I have been in this field 7 years,see prices drop every year,payments later and later is'nt it time just to find another job people or keep getting screwed around..the 1 company left i do work for part time they do have a pricelist but i tell them what it takes to do it or gl finding someone.E1 here needs to start doing the same gl in your choices.


----------



## UnitedFieldInspections (Dec 20, 2012)

i am down to one National as well.I turn jobs down left and right with no shame.Can i use the extra money?Sure i can but i would rather sleep til 10am and not work at all then drive 30 mins away to cap a line for $5.00.I tell them all the time to go scratch


----------



## AAA inspector (Nov 27, 2013)

Im down here in Jersey running a small 4 employee botg pres company and I've been with the same nat going on 3 years with mixed work inbetween. What I thought was great money at first quickly dwindled to little but we've grown.  Where do I find a higher than mid level nat company in NJ? We have 6 commercial mowers that don't do much for us this winter but next season we are ready to make some real money, no more $25 0-5000 sq ft. We're ready for anything got a lot of equipment. Ready for bigger bucks. Where do I start looking?


----------



## AAA inspector (Nov 27, 2013)

Apologies if im not supposed to post here, if its off topic this is my first post. 2nd now haha


----------



## BRADSConst (Oct 2, 2012)

AAA inspector said:


> We're ready for anything got a lot of equipment. Ready for bigger bucks. Where do I start looking?
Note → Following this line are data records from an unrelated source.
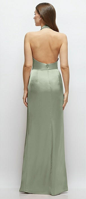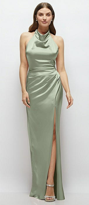Cowl Halter Open-Back Satin Maxi Dress in sage
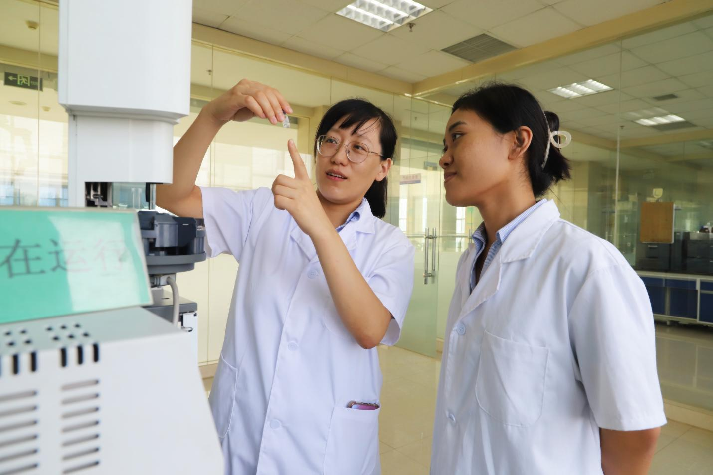 技術(shù)中心實驗現(xiàn)場,程芳園(左)與新員工楊新月正在就食用油中植物甾醇的含量檢測進(jìn)行指導(dǎo)交流,討論實驗中的常見問題和解決方法,分享自己的心得體會、工作經(jīng)驗,幫助新員工提高分析效率和準(zhǔn)確度。新老拍檔精誠攜手、思想碰撞,點燃科技創(chuàng)新的火花。
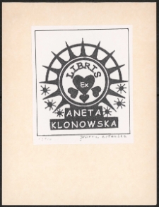 Kserokopia, 9x8 cm. Kompozycja zamknięta, na ekslibrisiey figura przypominająca koło zębate, po jej lewej i po prawej stronie trzy elementy kompozycji w kształcie słoneczka, w polu koła cztery serduszka, na największym z nich napis "Ex", nad nim napis "libris", u dołu kompozycji napis "Aneta Klonowska", kolorystyka czarno-biała. Kolekcja Ludwika Piosickiego.
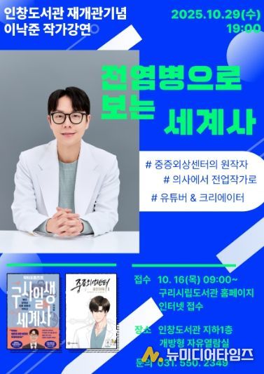 특히 작가초청 강연에는 『중증외상센터 : 골든아워』의 원작자인 이낙준 작가가 참여한다. 행사는 10월 29일(화) 저녁 7시, 새롭게 단장한 지하 1층 북카페형 개방 공간에서 진행된다.
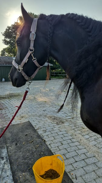Te koop: elegante Friesian merrie – vos, geboren in 2017 Te koop staat een prachtige Friesian merrie, geboren in 2017. Met haar indrukwekkende stokmaat van 1,60 m presenteert ze zich in een elegante voskleur. Ze is veelzijdig inzetbaar in de rijbaan en overtuigt door haar rustige en betrouwbare aard. Deze edele merrie is geschikt voor zowel ambitieuze recreatieruiters als voor de wedstrijdsport. Ze is zeer mensgericht, houdt van knuffelen en heeft simpelweg meer aandacht nodig dan ze momenteel krijgt. We plaatsen haar alleen in de allerbeste handen. Ze is geen beginnerspaard, omdat ze een ruiter nodig heeft die haar veiligheid biedt; anders wordt ze af en toe nerveus. Een goede operatieverzekering kan worden overgenomen zonder dat er wachttijden ontstaan. Passend toebehoren is bij te kopen, zoals een bijna nieuwe zadel met factuur, koetsen, enzovoort. Bij interesse of voor verdere vragen sta ik u graag te woord. Bezichtiging en proefritten zijn mogelijk op afspraak.
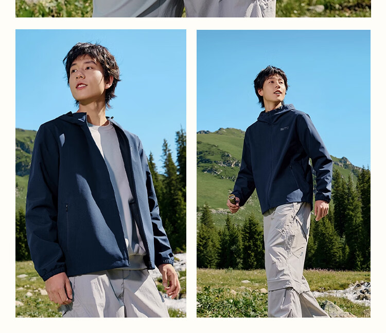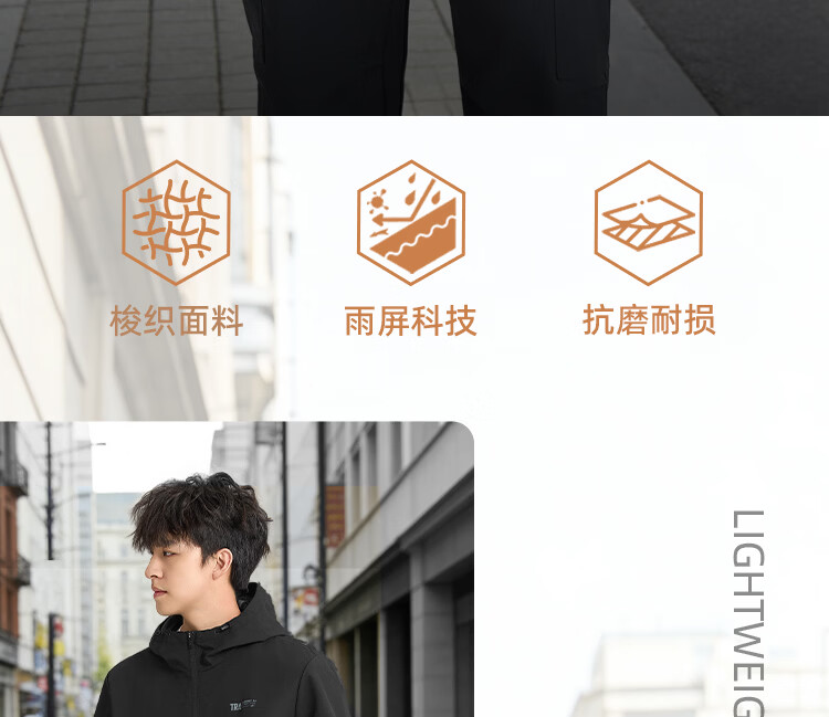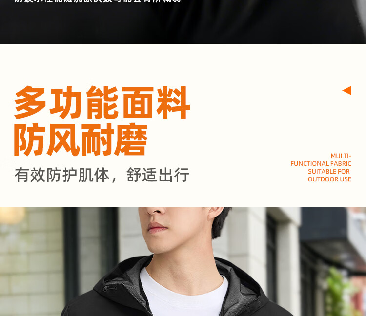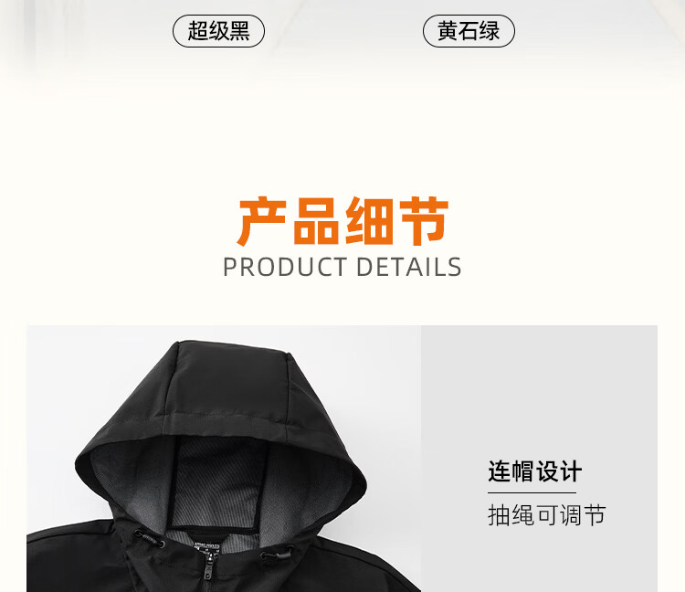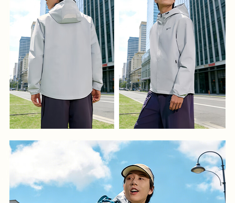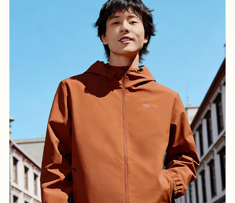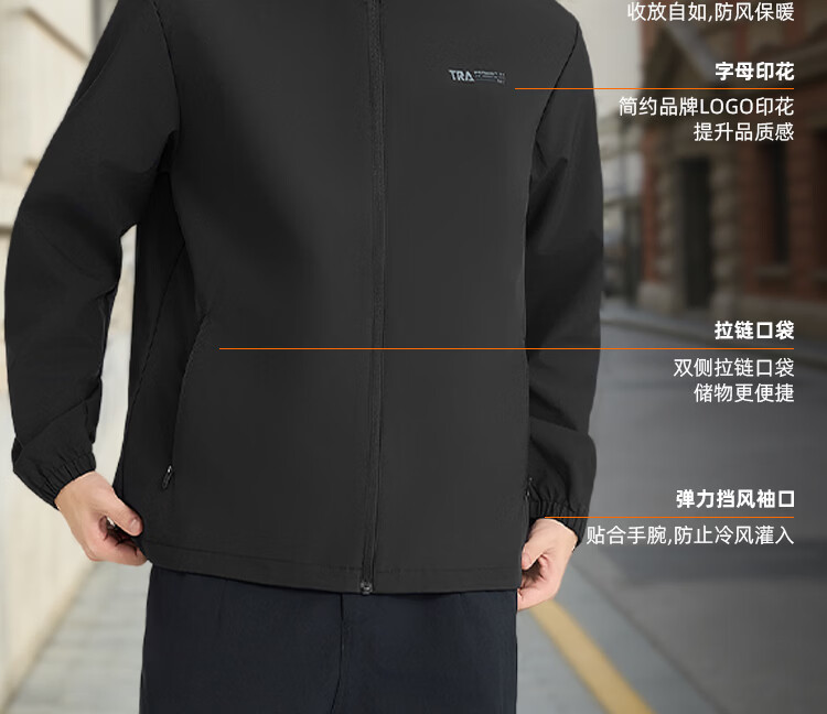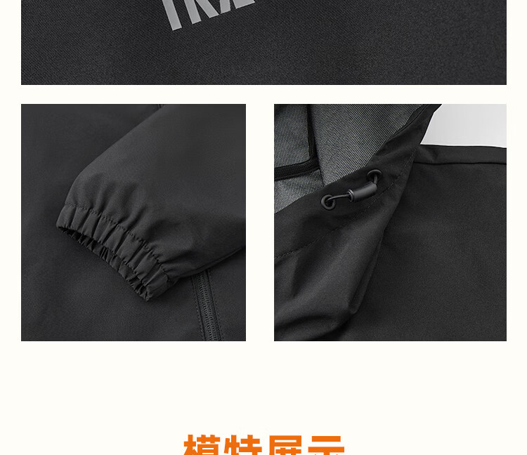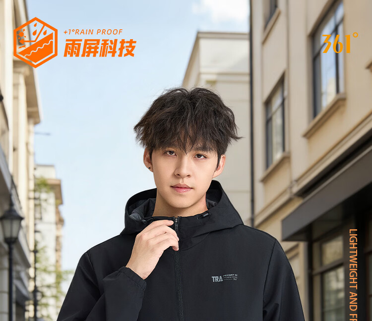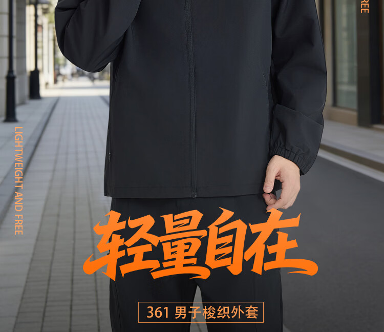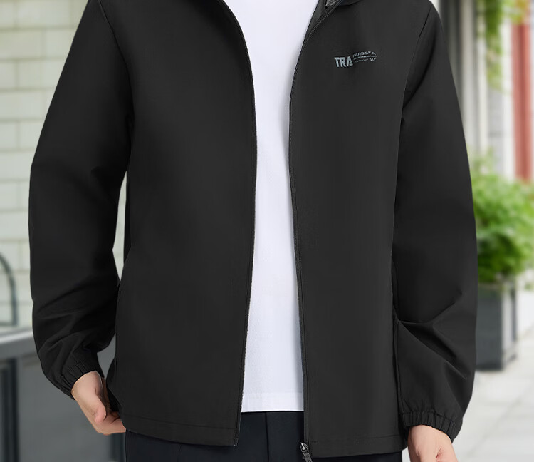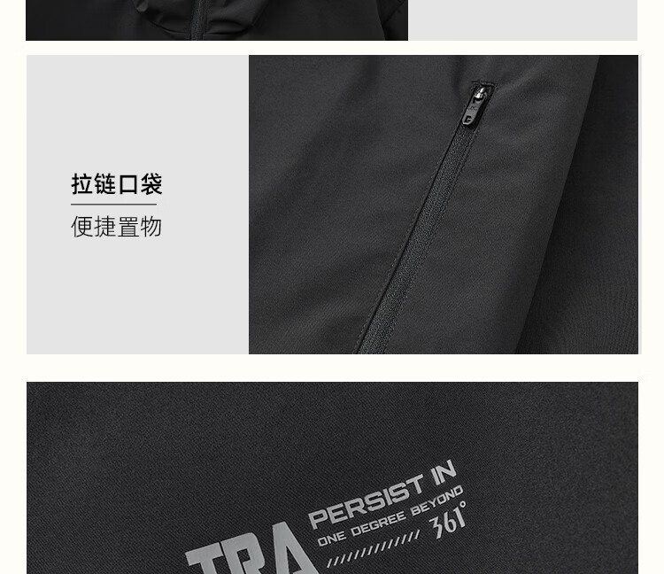 361 Men's new windproof and water-repellent windproof jacket, casual, versatile, trendy outdoor sports tops, high-end men's wear, super black (zipper pocket-hooded windbreaker) S /165 (90-100Jin Jin equals 0.5kg)

 My advice, forget the nationals. Go directly to the credit unions, local banks, brokers, apartment complexes, private customers, etc.

If you are quality minded company, go for customers who will pay for that service. If you are a volume company, sign on with Safeguard :innocent:.....


----------



## AAA inspector (Nov 27, 2013)

Good advice, thanks brads


----------



## Gypsos (Apr 30, 2012)

I walked about a month ago and told them all to pound sand. There is not a viable business model that allows you to make a reasonable profit doing this working for the nationals, regionals or anyone else in the P&P payroll pipeline for that matter.

If I ever suffer a severe enough head injury to make me want to do this again it will only be private customers, period. And even then I will be very picky as to whom I work for.


----------



## BRADSConst (Oct 2, 2012)

Glad to see you're still hangin' around :thumbsup:


----------



## STARBABY (Apr 12, 2012)

Gypsos said:


> I walked about a month ago and told them all to pound sand. There is not a viable business model that allows you to make a reasonable profit doing this working for the nationals, regionals or anyone else in the P&P payroll pipeline for that matter.
> 
> If I ever suffer a severe enough head injury to make me want to do this again it will only be private customers, period. And even then I will be very picky as to whom I work for.


Seems that more and more of you guys getting out! I understand there days I think of just going back to Averitt and turning wrenches again.


----------